The task force identified the language as problematic, and advocates have said standardizing the language throughout the bill will be a goal of follow-up legislation.
Other concerns
Another problem, the task force and others have noted, is that the statute does not address what happens to those already held in lieu of bail when the calendar hits Jan. 1.
“There is nothing in the law that requires those suspected of crimes be let out of prison when it goes into effect,” Pritzker's spokesperson, Jordan Abudayyeh, said in a statement, suggesting that jurisdictions begin considering what happens to those individuals and scheduling hearings.
Stuckert, however, said the law's silence on the matter leaves it to interpretation in court.
“Every meeting that I go to ... the first thing they say to me, ‘What happens January 1?' and I say, ‘I don't know,'” she said.
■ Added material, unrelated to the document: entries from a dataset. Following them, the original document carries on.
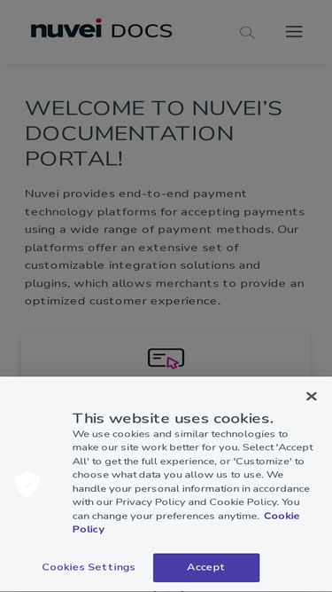 87%welcome to nuvei's documentation portal! nuvei provides end-to-end payment technology platforms for accepting payments using a wide range of payment methods. our platforms offer an extensive set of...
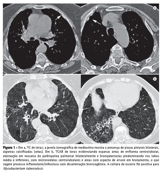 Apresentava à TCAR de tórax áreas de enfisema centrolobular, atenuação em mosaico bilateralmente, bronquiectasias nos lobos superior direito, médio e inferiores, nos quais se notavam ainda micronódulos centrolobulares e áreas com padrão de árvore em brotamento, sugerindo processo inflamatório/infeccioso com disseminação broncogênica. A janela de mediastino mostrava a presença de placas pleurais bilaterais, algumas calcificadas (Figura 1).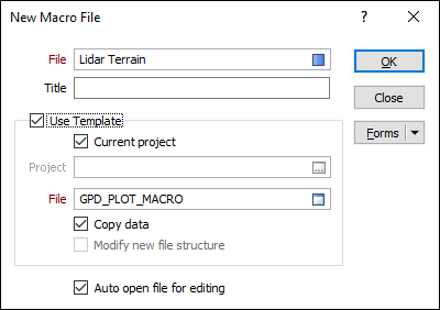 Click New | New Macro in the File Editor tab to create the default structure for a Macro file. Alternatively, use a template to copy the structure (and optionally the data) from an existing file.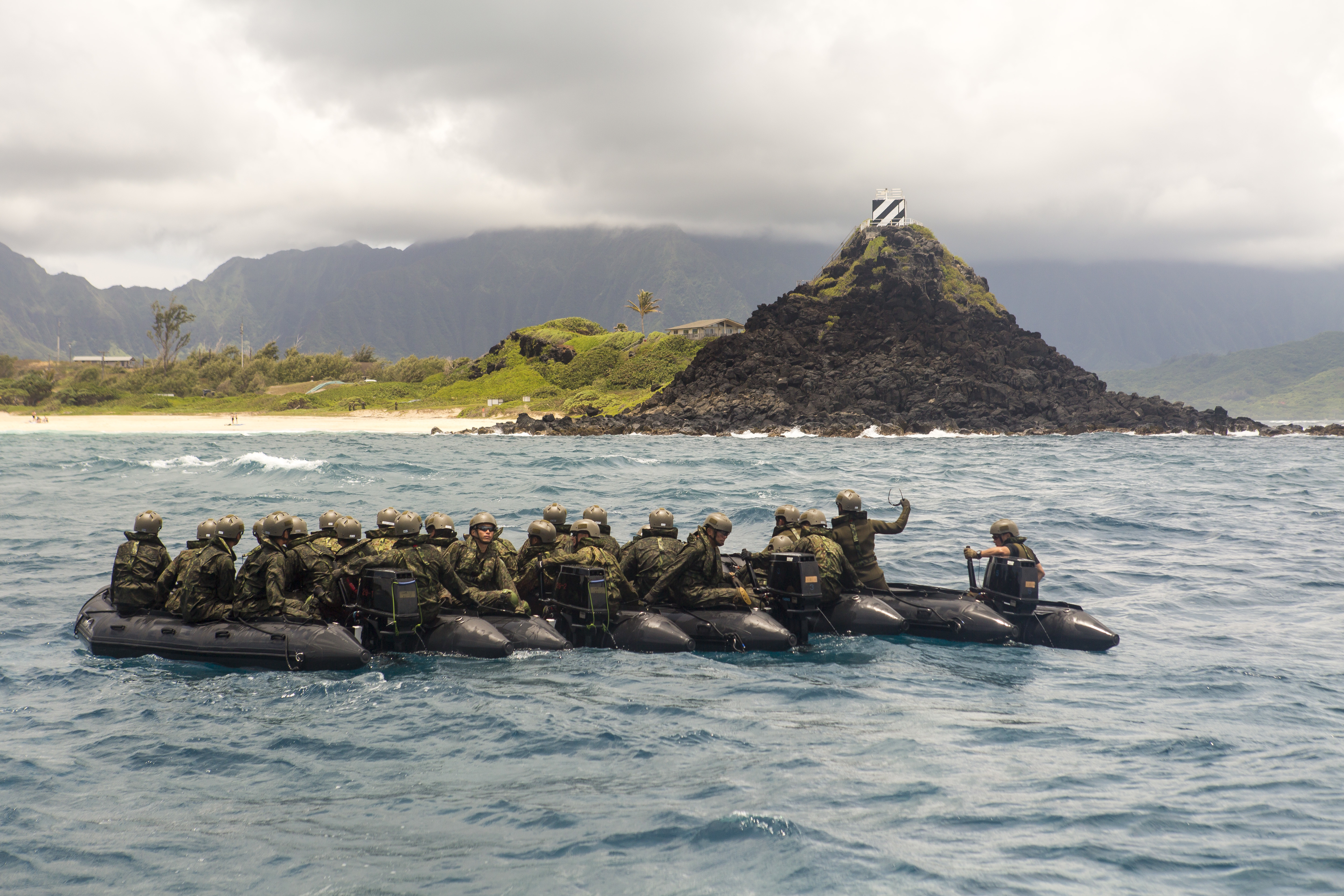 Australian soldiers with the Royal Australian Regiment ride in a Zodiac Mark 2 Grand Raider general purpose inflatable boat during a beach insertion rehearsal as part of Rim of the Pacific (RIMPAC) exercise Marine Corps Base Hawaii July 1, 2018. RIMPAC provides high-value training for task-organized, highly-capable Marine Air-Ground Task Force and enhances the critical crisis response capability of U.S. Marines in the Pacific. Twenty-five nations, 46 ships, five submarines, about 200 aircraft and 25,000 personnel are participating in RIMPAC from June 27 to Aug. 2 in and around the Hawaiian Islands and Southern California.

For Berlin, the response is “to be determined,” with his county considering holding hearings for affected individuals in the final months of 2022 while awaiting potential clarity from lawmakers.
As well, only 34 of Illinois' 102 counties currently have pretrial service offices, which play a major role in preparing pretrial investigations for release condition and detention hearings and ensuring individuals appear in court.
The Illinois Supreme Court, in August 2021, established an Office of Statewide Pretrial Services, a sprawling new entity that will provide pretrial services in at least 68 counties. It's working to hire the necessary staff for statewide implementation.
The task force also heard concerns that the tight deadlines laid out in the new law will create difficulties for small, rural counties, where court is not in session daily, jails are miles away and attorneys are in short supply.
Follow-up bill
Thus far, the implementation task force has been creating guidance documents that include flow charts for how defendants should be treated throughout the pretrial process as well as considerations for jurisdictions creating new policies ahead of Jan. 1.
Slaughter said lawmakers are working with the task force to address concerns. He's currently sponsoring House Bill 5537, a 219-page bill that, among other changes, seeks to standardize the detention language. It was filed in January, has no co-sponsors and likely does not represent a final bill.
While court officials like Berlin have engaged lawmakers regarding potential changes, several others have raised broader alarms and pushed for a full repeal — an outcome unlikely with Democrats in control of the General Assembly and governor's office at least through the Pretrial Fairness Act's effective date.
At a news conference with county sheriffs earlier this month, GOP governor candidate and state Sen. Darren Bailey pushed for a full repeal and didn't offer alternative amendments he'd work to implement. He said he believed repeal would be possible because he believed the Pretrial Fairness Act was tied to unspecified property tax increases.
At a Sept. 14 news conference, Pritzker reiterated he supports the new law but didn't say when changes would happen or to what extent they are necessary.
“Are there changes or adjustments that need to be made? Of course,” he said. “And there have been adjustments made and there will continue to be. Laws are not immutable.”